Ian Cartwright

Personal information
- Date of birth: 13 November 1964
- Place of birth: Brierley Hill, England
- Date of death: 8 December 2016 (aged 52)
- Height: 5 ft 10 in (1.78 m)
- Position: Midfielder

Senior career*
- Years: Team / Apps / (Gls)
- 1982–1986: Wolverhampton Wanderers / 61 / (3)
- Northfield

= Ian Cartwright =

English footballer

Ian J. Cartwright (13 November 1964 – 7 December 2016) was an English footballer, who played in the Football League for Wolverhampton Wanderers.

==Career==
Ian Cartwright signed for First Division Wolverhampton Wanderers as a youth trainee in 1980. He had to wait until his 18th birthday to make his first team debut, coming on as a substitute in a 1–4 defeat at Oldham Athletic. He made 9 appearances during the remainder of that season (scoring once) as the club won promotion back to the top flight at the first attempt.

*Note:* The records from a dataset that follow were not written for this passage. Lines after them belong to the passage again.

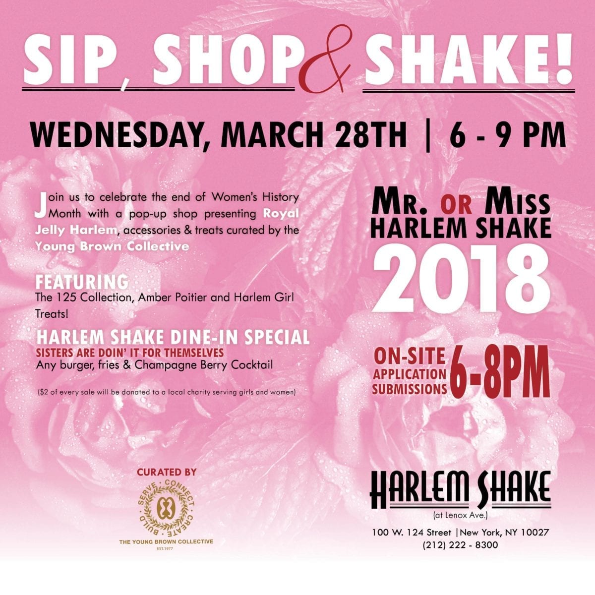 @HarlemShakeNYC 6-9pm Harlem Shake 100 W. 124 Street Harlem Shake hosts its second annual pop-up shop Sip, Shop & Shake celebrating Women’s History Month.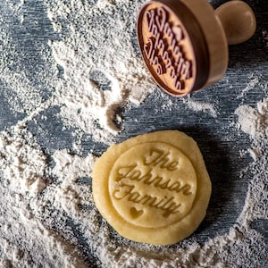 Thomas wrote on January 35 out of 5 starsVery impressed how well made this is. Looking forward to making plenty of biscuits with it.Wooden Cookie stamp / mold / Your Family / customize it with the writing of your choice / Carved from hardwood.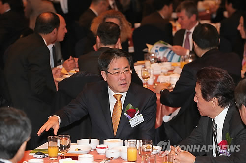 | △ 식약처장-제약업계 CEO 간담회 (서울=연합뉴스) 박지호 기자 = 4일 오전 서울 역삼동 르네상스호텔에서 열린 '2015년 식품의약품안전처장-제약업계 CEO 간담회'에서 정승 식약처장이 참석자들과 환담하고 있다. 2015.2.4 jihopark@yna.co.kr |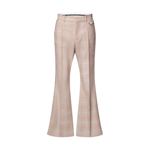 These flared pants from the Spring-Summer 2026 runway exemplify this season’s Indian Dandy aesthetic. Tailored from a fine wool glen check in elegant camel tones, they are adorned with embroidered beads resembling jewelry along the outer seam of each leg, while tone-on-tone Louis Vuitton Paris lettering discreetly signs the back. A matching jacket makes a standout suit.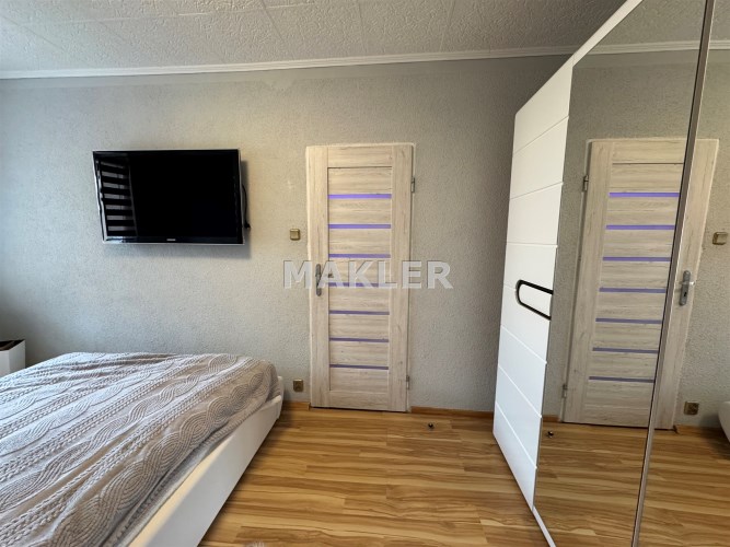 Mieszkanie jest jasne i ustawne, z dużymi możliwościami aranżacyjnymi. Wszystkie okna PCV, a układ północ–południe zapewnia optymalne doświetlenie pomieszczeń przez cały dzień.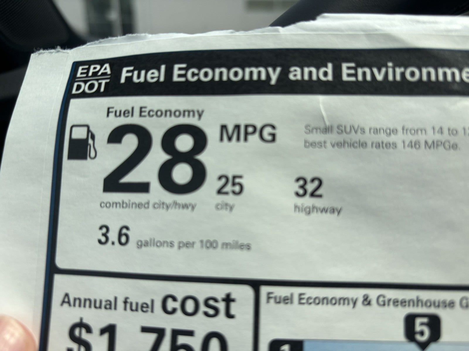 - Fuel Economy Est-Combined (MPG): 28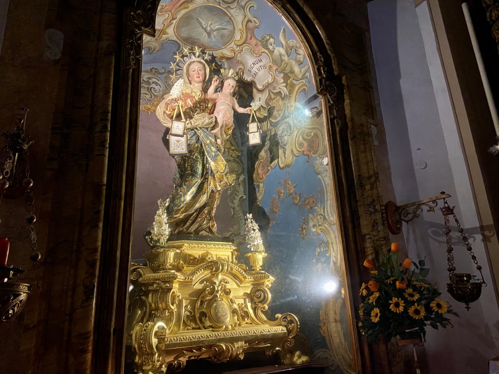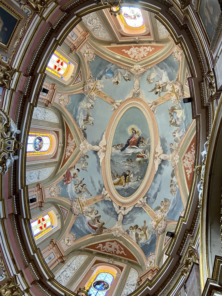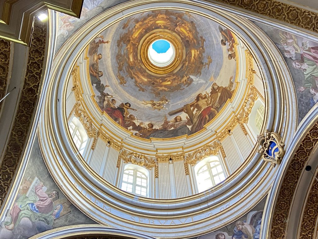祭壇の天井はドーム型になっていて、天井画が美しいです。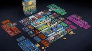 A large-scale strategy board game of skill and intrigue set in an ancient, crumbling kingdom where players are heirs vying for control of a vacant throne. The game features card-driven conquest mechanics with heavy emphasis on bluffing, blind bidding, and tactical maneuvering as players attempt to claim locations and outmaneuver their opponents.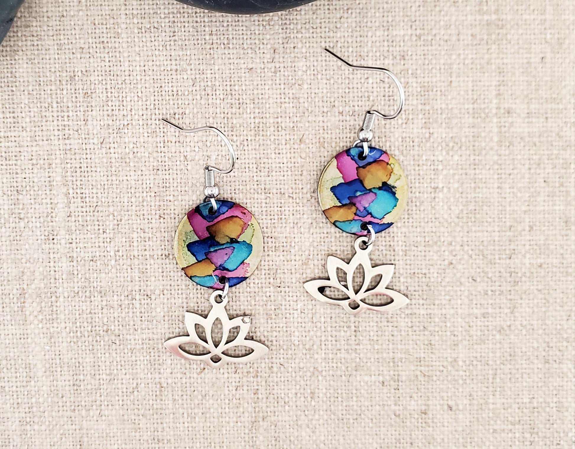 Alcohol Ink Stainless Steel Connector Lotus Earrings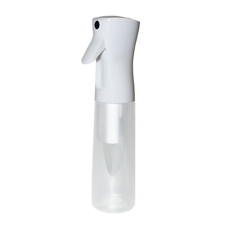 Provides a 10 oz. refillable bottle with a patented design head that allows the user to spray almost any liquid into a fine, aerosol-like mist pattern. Pulling the trigger causes a continuous spray that lasts approximately 1 second and releases 1.25 mL of liquid. Ideal for glass cleaning, sanitizing, and any other product that you wish to dispense into a fine mist.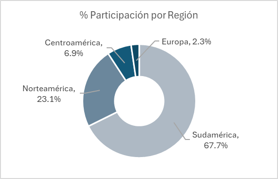 El 29.5% de los encuestados de Sudamérica, corresponde a Colombia, seguido de un 23.9% de Perú, de un 14.8% de Argentina, y un 12.5% de Chile. El 90% de los encuestados en Norteamérica corresponden a México, mientras que el 66.7% de los encuestados en Centroamérica corresponden a Panamá, seguido de un 22.2% de El Salvador.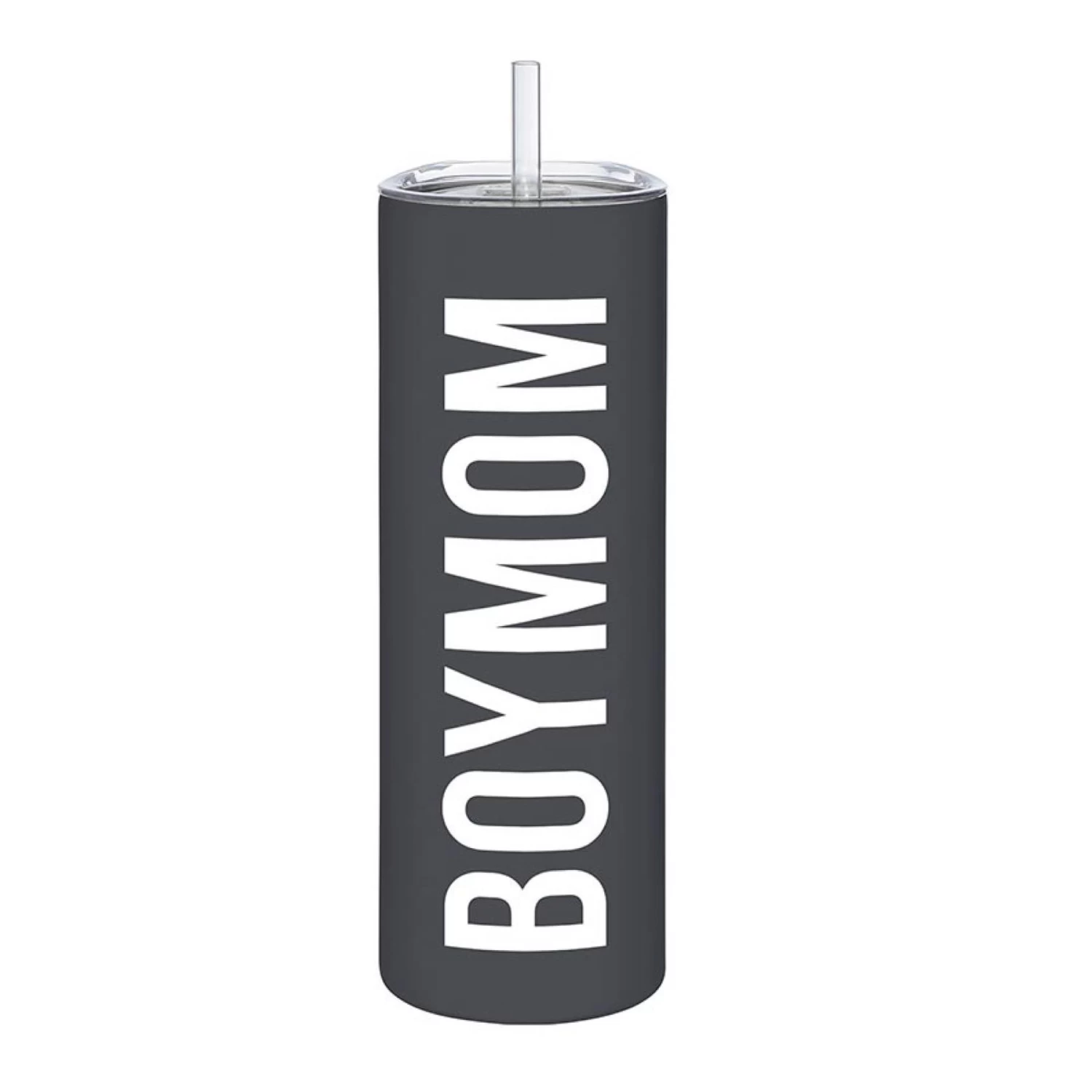 Perfect for Mom-on-the-go! Stainless steel, BPA free plastic tumbler with a press on lid and includes a straw.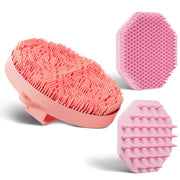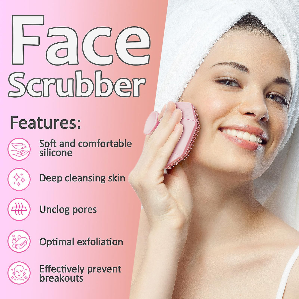 3 Soft Silicone Skin Scrubbers - Body Scrubber Exfoliating Brush Bath Shower Tool, with Gentle Manual Face Cleansing Wash Scrubber, with Hair Scalp Massager Shampoo Brush (Pink)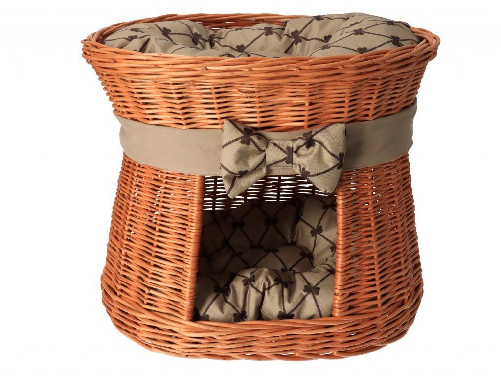 Prútený pelech s búdou prírodný - obšitý béžovou mašľou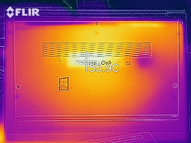 (±) The palmrests and touchpad can get very hot to the touch with a maximum of 37.2 °C / 99 F.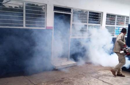 Este año, el equipo de vectores ha reforzado la nebulización en escuelas del nivel básico y medio superior, para evitar algún brote de chinches, además del dengue, los cuales pueden poner en riesgo la salud de niñas, niños y adolescentes.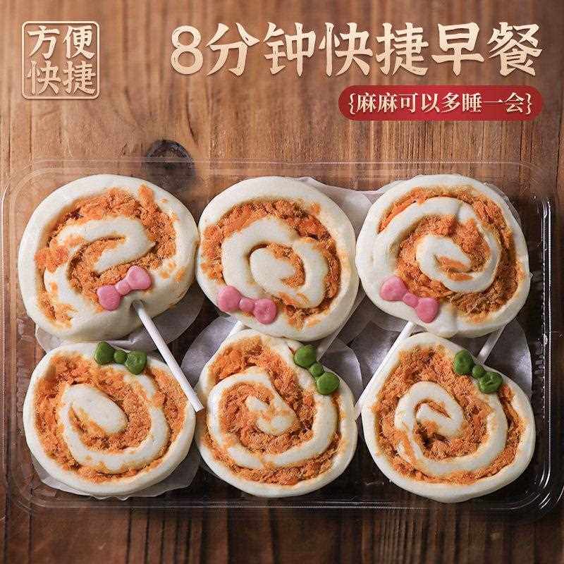 📚 肉松花卷儿带馅早餐手工包子馒头儿童营养食品速食冷冻半成品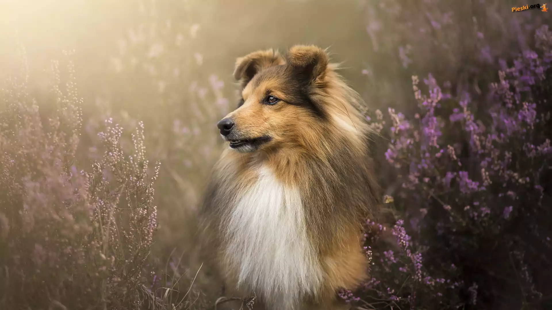 Pies, Owczarek szetlandzki, Wrzos, Pieski

He made 16 appearances during their doomed campaign of 1983/84 which saw them relegated from the First Division, beginning a slide down the divisions amid financial problems. Cartwright remained at the club until 1986 when released by manager Sammy Chapman, leaving him to play out his career in the non-league.

He died from renal and spinal cancer on 7 December 2016.